Since I heard of its existence, it's been somewhere vaguely in the back of my mind that I'd like to hear Harmonia Mundi's recently released La Clemenza di Tito. Mostly because it has at its helm René Jacobs, who earned himself a permanent place in my heart with his fabulous Figaro. But these things cost money so if I'd thought about it, I wasn't expecting to hear this Clemenza any time soon. Concert FM to the rescue: it was last weekend's Sunday opera. Now, with the month-later Met broadcasts gone, I tend to neglect Opera on Sunday somewhat. I did manage about half of Mayr's Ginevra di Scozia the previous weekend, but that was the first time I'd tuned in since Rodelinda back in May. I didn't really expect anything as exciting as this Clemenza to be offered up, and yet there it was. Brilliant.
And it truly is brilliant. Clemenza has the potential to be rather on the dry side, conventional and stuffy and lacking in the colour and vitality of other Mozart operas. René Jacobs, however, makes it live, and thrillingly so. While keeping it all appropriately dignified, he nevertheless gives us a Clemenza which is fast-paced, emotionally charged and surprisingly intimate. As in that Figaro, the fortepiano continuo is highly involved in the action. In the orchestra, too, there are some incredible things going on: Vitellia's entrance at one point is marked by a lightning bolt of sound straight from a gothic horror movie. I don't necessarily think Clemenza is a boring opera - there are too many hits in it for that - but I also hadn't imagined it could be quite as interesting as this.

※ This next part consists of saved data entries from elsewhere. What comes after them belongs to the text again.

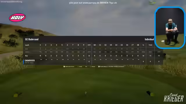 00:39:58Der Streamer zeigt die Scorecard des Golf-Clubs Budersand und erklärt den Aufbau des Platzes, einschließlich der Lochanzahl und der Unterscheidung zwischen Front9 und Back9. Er erläutert die Bedeutung von Par 3, Par 4 und Par 5 Löchern und wie viele Schläge ein professioneller Spieler dafür benötigen sollte. Anschließend erklärt er das Handicap-System: Jeder registrierte Golfspieler erhält ein Handicap, das seine Spielstärke widerspiegelt. Er selbst startete mit einem Handicap von 54 und hat es auf dem Trackman auf 30,4 verbessert. Dieses Handicap wird zur Berechnung der Spielvorgabe genutzt, die wiederum für das Tippspiel auf Parttip.de relevant ist. Die Zuschauer können seine aktuelle Spielvorgabe übernehmen oder eigene Tipps abgeben.
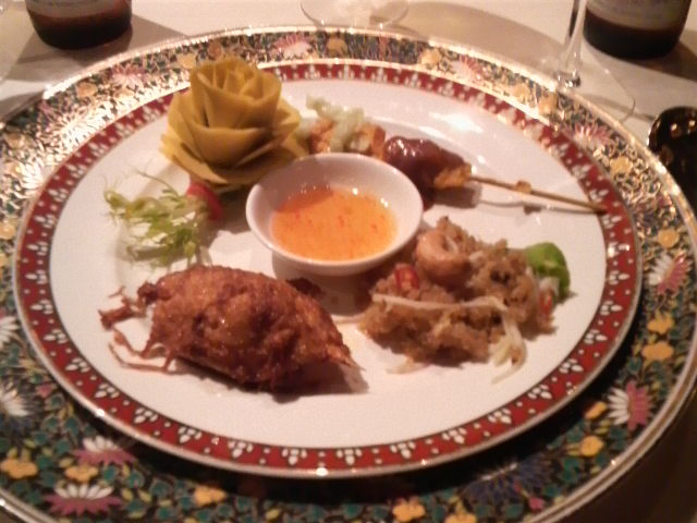 写真中央は前菜盛り合わせ。花は飾りなので省略するとして、右上はマレー系の焼鳥であるサテー。左下は蟹甲羅揚げ、まるで日本の居酒屋メニューのようでござりました。
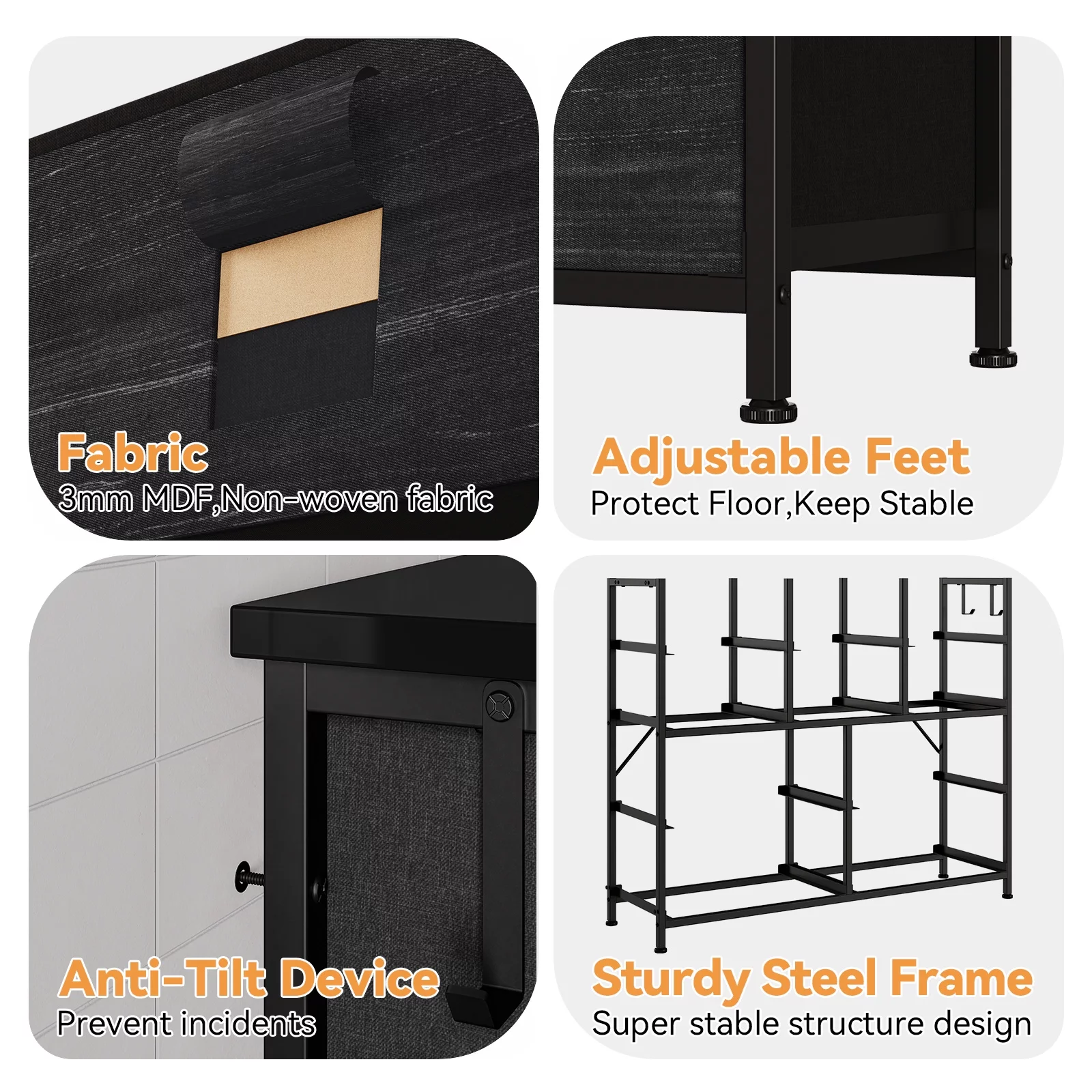 Zzistar 10 Drawers Dresser, Wood Top Dresser Chests of Drawers Storage Organizer Unit with Fabric Drawer
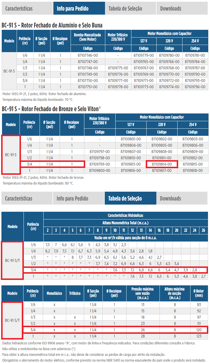 Bomba de Água Schneider Centrífuga BC-91S 3/4 CV Trifásico (Rotor Fechado de Bronze)
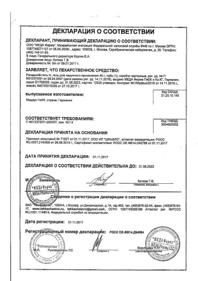 Инструкция на Репарил- гель Н
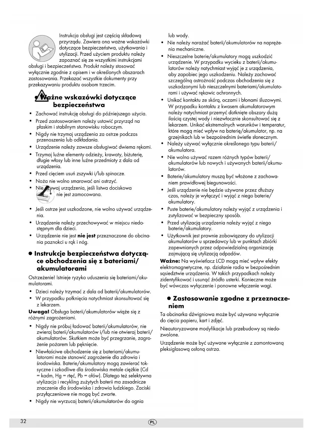 - Użytkownik jest prawnie zobowiązany do utylizacji akumulatorów u sprzedawcy lub w punktach zbiórki zapewnianych przez odpowiedzialną organizację zajmującą się utylizacją odpadów. Ważne: Na wyświetlacz LCD mogą mieć wpływ efekty elektromagnetyczne, np. działanie radia w bezpośrednim sąsiedztwie urządzenia. W takich przypadkach należy zidentykować i usunąć źródło usterki. Konieczne może być wówczas wyłączenie i ponowne włączenie wagi. ▯ Zastosowanie zgodne z przeznacze- niem Ta obcinarka dźwigniowa może być używana wyłącznie do cięcia papieru, kart i zdjęć. Nieautoryzowane modykacje lub przebudowy są niedo- zwolone. Urządzenie może być używane wyłącznie z zamontowaną pleksiglasową osłoną ostrza.33
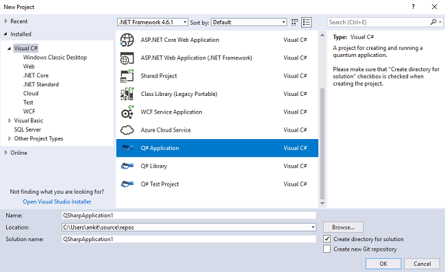 It will open a dialog box. Select Visual C# from the left menu and then select “Q# Application” from the installed template. Give your project a name and click OK.
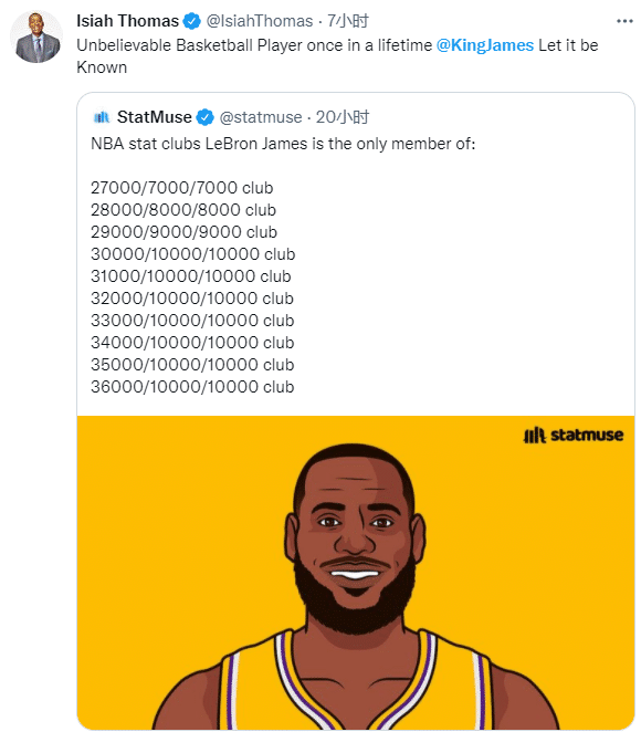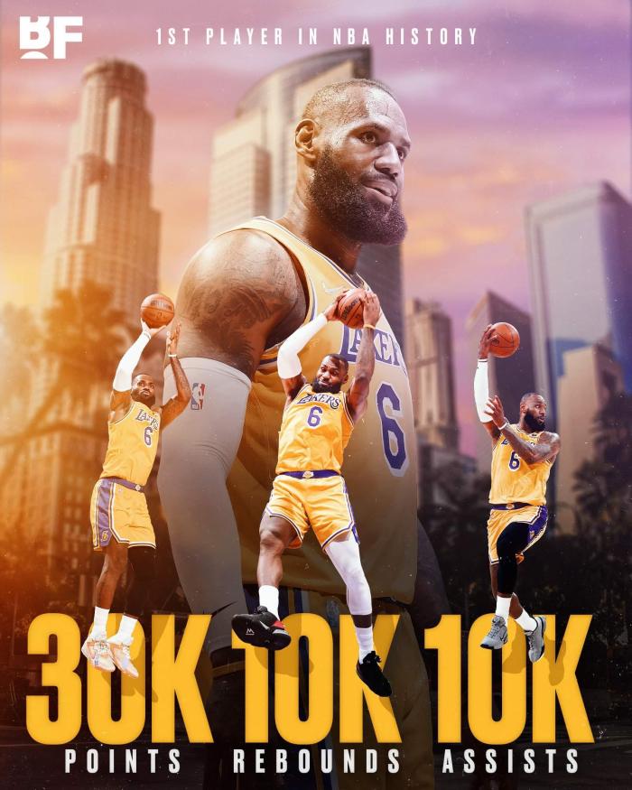 美媒StatMuse还晒出詹姆斯包揽十大历史第一神迹——27000分7000助攻7000篮板、28000分8000助攻8000篮板、29000分9000助攻9000篮板、30000分10000篮板10000助攻、31000分10000篮板10000助攻以及32000分10000篮板10000助攻、33000分10000篮板10000助攻、34000分10000篮板10000助攻、35000分10000篮板10000助攻和36000分10000篮板10000助攻。
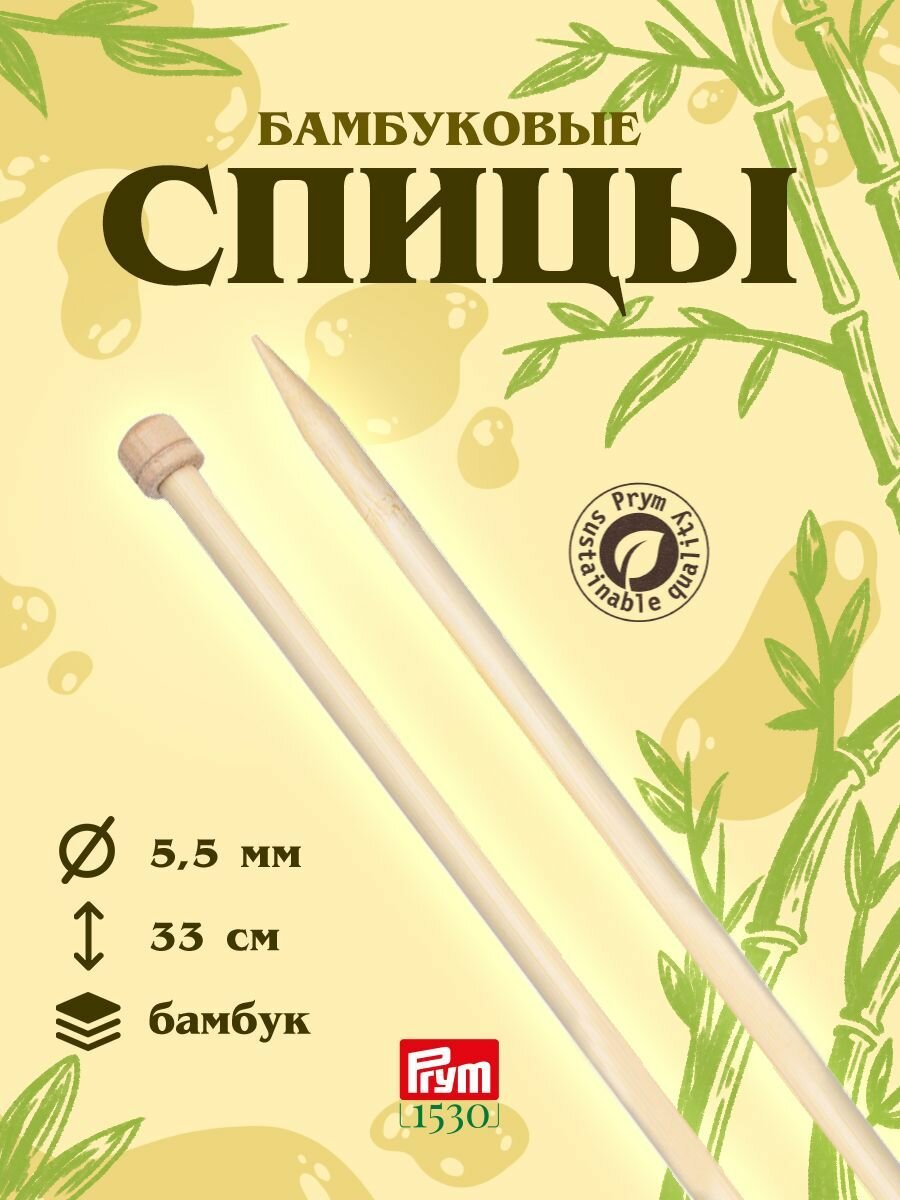 Спицы для вязания прямые 5,5 мм, 33 см, 2 шт, бамбуковые, Prym информация:

In the title role is the lovely Mark Padmore. With that sweet, limpid and rather youthful sound, he actually manages to make all the clemency almost plausible. Rather than a booming, stonily regal Emperor, he's a warm and sympathetic human being. His incredible acts of forgiveness came across less like a grand statement of philosophy and more like just the inevitable result of his inability to a hurt a fly. I like this kind of Tito. Alexandrina Pendatchanska is a frenetic and intense Vitellia. I wasn't too convinced by her in Act One, where she came across rather like Cruella DeVil, so cacklingly evil that, though her villainy was believable, her seductive power over Sesto really wasn't. But once Vitellia's doubts start up, she grows far more persuasive, and her "Non piu di fiori" is utterly credible. I still, truth be told, prefer my Mozart heroines (even the scary ones) sung by more lyrical voices than this. I like low low notes in Mozart - like those in "Non piu di fiori" - best when they come almost as a surprise, lower than you'd expect the voice you're hearing to drop. The voice thins out a little, and the phrase sounds almost spoken. A weighter, more dramatic voice like Alexandrina's can make a much bigger, more boldly projected and "sung" sound out of them, and that's just what she does. Certainly it's a fantastic sound, but the effect is a little too verismo for my delicate sensibilities. I will say, though, that her contribution to the Act II trio with Sesto and Publio provided one of the greatest aural thrills of the whole recording.
Bernarda Fink makes an excellent Sesto, striking just the right balance between swaggering bravado and total lovelorn hopelessness. "Parto, parto" was charged with nervous energy; "Deh, per questo istante solo" was a thing of shimmering beauty. And yet for me the mezzo of the hour was actually Marie-Claude Chappuis' radiantly sung Annio, who had me hanging on her every note. Hers is a lighter, prettier sound than Bernarda's and they complement each other wonderfully. Sunhae Im's Servilia seems to have wandered in from an entirely different opera, singing with a giggly, soubrettish archness more akin to Zerlina than Roman aristocracy. At first this was a little weird, but I have to admit that she grew on me. I wouldn't want always to hear Servilia sung quite this way, but as far as possible, she made it work, and even if the voice isn't hugely distinctive, it's still rather pretty. Sergio Foresti completes the cast as a very nice Publio.
A magnificently realised Clemenza, beautifully sung and full of life. René Jacobs, you win again.